By the time surgeries were being performed again, many brick & mortar low & no cost spay & neuter had to close their doors for good. And the mobile units still weren’t up and running. The consequences: the shelters were getting full again from unplanned litters, people turning in their dogs when they reached that obnoxious pre-teen age (neutered or not, still super annoying), and the economic downturn overall. Veterinary costs (and all costs of everything) were beginning to climb and wages were not—if you were lucky enough to even be employed. The pandemic unemployment relief was over, and that $600 extra per week in the unemployment check did a hell of a lot of good keeping people fed and housed.

I volunteer for an animal welfare organization that, among many things, helps people find low and no-cost spay & neuter services. I wasn’t in one of the zip codes they serviced, but being unemployed—even for months prior to the strikes thanks to the studios’ “slow down”—I figured I had to qualify somewhere. If I did, these folks would know where I could get services.

They did find a couple of clinics I could qualify for, but they were booked for many weeks out. The backlog from the interrupted services was still there, along with the litters and follow-up generations from those not being spayed and neutered during that time. And mobile clinics, the ones with the most surgeries done and the ones most needed, hadn’t restarted. Gordie wasn’t going to impregnate anyone, but he was at risk of Tucker losing his patience, which could be life-threatening for both of them. Tucker is a saint and he was enjoying playtime with the rugrat, but I could also see that at times Gordie was getting to be too much.
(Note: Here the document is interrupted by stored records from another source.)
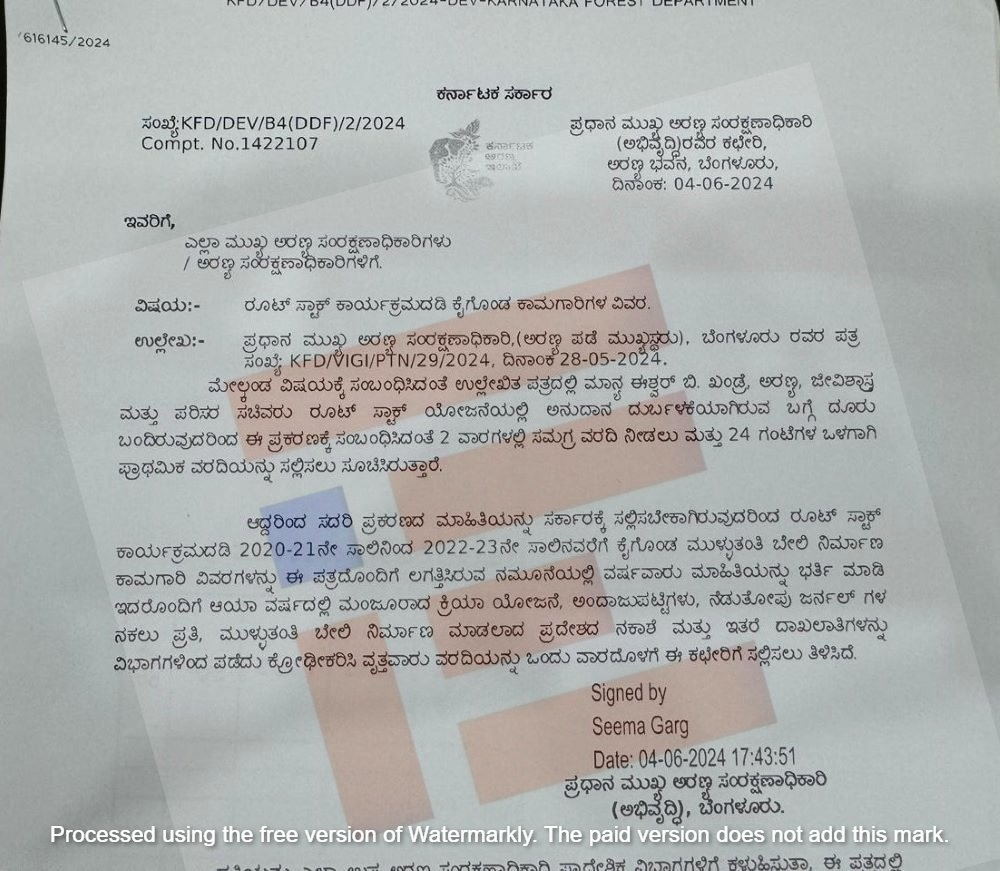ಪಿಸಿಸಿಎಫ್‌ ಅವರು ರಾಜ್ಯದ ಎಲ್ಲಾ ಮುಖ್ಯ  ಅರಣ್ಯ ಸಂರಕ್ಷಣಾಧಿಕಾರಿಗಳು ಮತ್ತು ಎಲ್ಲಾ ಅರಣ್ಯ ಸಂರಕ್ಷಣಾಧಿಕಾರಿಗಳಿಗೆ 2024ರ ಜೂನ್‌ 4ರಂದು ಪತ್ರ ಬರೆದಿದ್ದಾರೆ.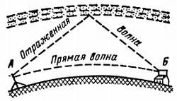 Примером может служить случай приема прямой и отраженной волн, что часто случается при приеме СВ. Эти волны способны огибать часть поверхности земного шара, если передатчик имеет достаточно большую мощность. На некотором расстоянии принимают одновременно прямую волну и волну, отраженную ионосферой. Пройденное ими расстояние неодинаково; отраженная волна проделала путь значительно больший, чем прямая (рис. 111).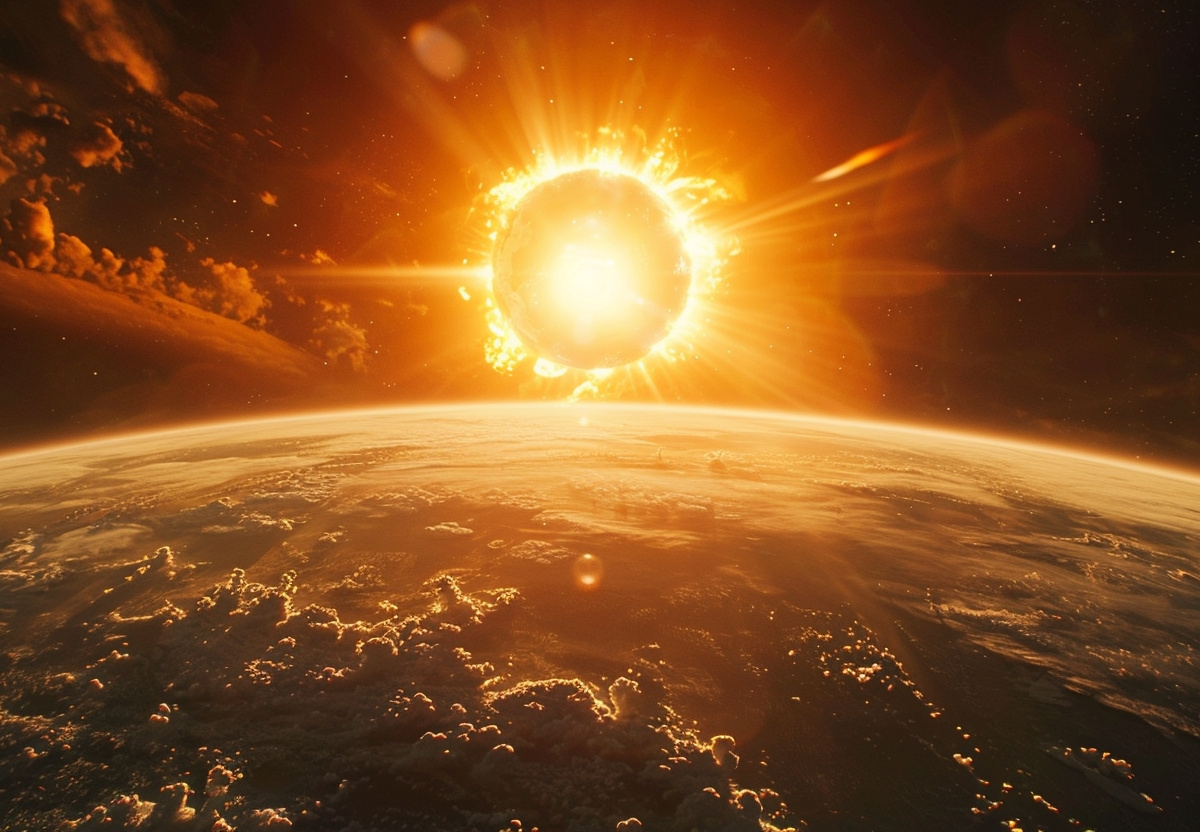 По Земле сегодня около шести утра был нанесен удар тяжелыми частицами от Солнца (главным образом, протонами очень высоких энергий — от 10 млн эВ и вплоть до выше 100 млн эВ). Если перевести эту энергию в температуры, то это соответствует цифрам T около одного миллиарда градусов, — сказано в сообщении.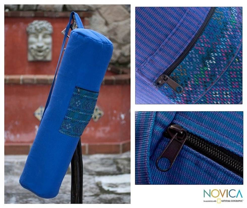 Fair Trade Embroidered Yoga Bag 'Blue Huipil' Item ID: 2671777587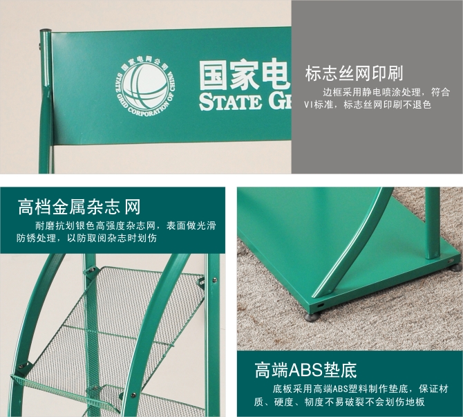 2、配有雜志網,架子表面做光滑防銹處理,以防取閱雜志時劃傷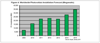 此外,預(yù)計2011年西班牙、法國和捷克的PV市場不會擴張,這些國家正在推行嚴(yán)格的措施來限制其國內(nèi)的太陽能投資熱潮。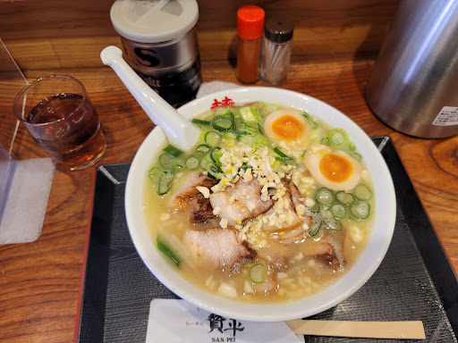 If you want to eat garlic ramen , this is the place to go. Of course, you can choose whether you want garlic or not. I used to like Satsumakko Ramen and used to eat it often, but the price became too expensive and I became a bit distant from it. Then I came across Garlic Ramen Ko-chan near Higashimikuni station and visited there often. The difference between Kochan and Sanpei is that Kochan is recommended if you like mild garlic ramen, and Sanpei is recommended if you want a spicy garlic ramen. The price seems to have been raised a bit from the other menu items, but it is much more reasonable than Satsumakko Ramen. I had lunch there and the price of 1,100 yen for chashu ramen with rice (large portion free of charge) and kimchi is quite reasonable. Topped with a boiled egg 100 yen. I had a large serving of rice and was quite satisfied. I will have a normal serving next time. Also, since other customers had made detailed customizations such as no green onion, no bean sprouts, more green onion, less garlic, more garlic, etc., I had the pleasure of finding the garlic ramen to my liking. Personally, I was a little disappointed that there was a lot of lean chashu pork and not as much tender chashu pork as at Sachikochan in Higashimikuni. I preferred Kochan's chashu. However, it was quite good as garlic ramen, so I would like to stop by when I come to Tsuruhashi. ⚠️One thing to note about is that it is not a very big restaurant, so if you are coming with more than one person, there is a high possibility that you will have to wait for a while. This is my personal opinion, but it seems a little rushed as there are many one-person diners and everyone eats and leaves (good turnover). The waitstaff does not pressure you to leave, so don't worry. Also, there is no parking attached to the restaurant, but there are plenty of coin-operated parking lots nearby. Thanks for...

I had purchased a small crate off Facebook marketplace so Gordie could be separated from Tucker while in the same room when he just couldn’t control his urge to hump Tuck’s face. His sleeping crate (the 42-incher with the K9 Ballistics’ crate pad) was in my bedroom, but I didn’t want him to feel ostracized for doing something his hormones demanded of him; I just needed it to stop. So I set the little crate up in the living room, where the three of us could be together, but Gordie’s nut sack would be far, far away from Tucker’s face when Gordie felt the urge. However, Tucker commandeered Gordie's time-out space for himself.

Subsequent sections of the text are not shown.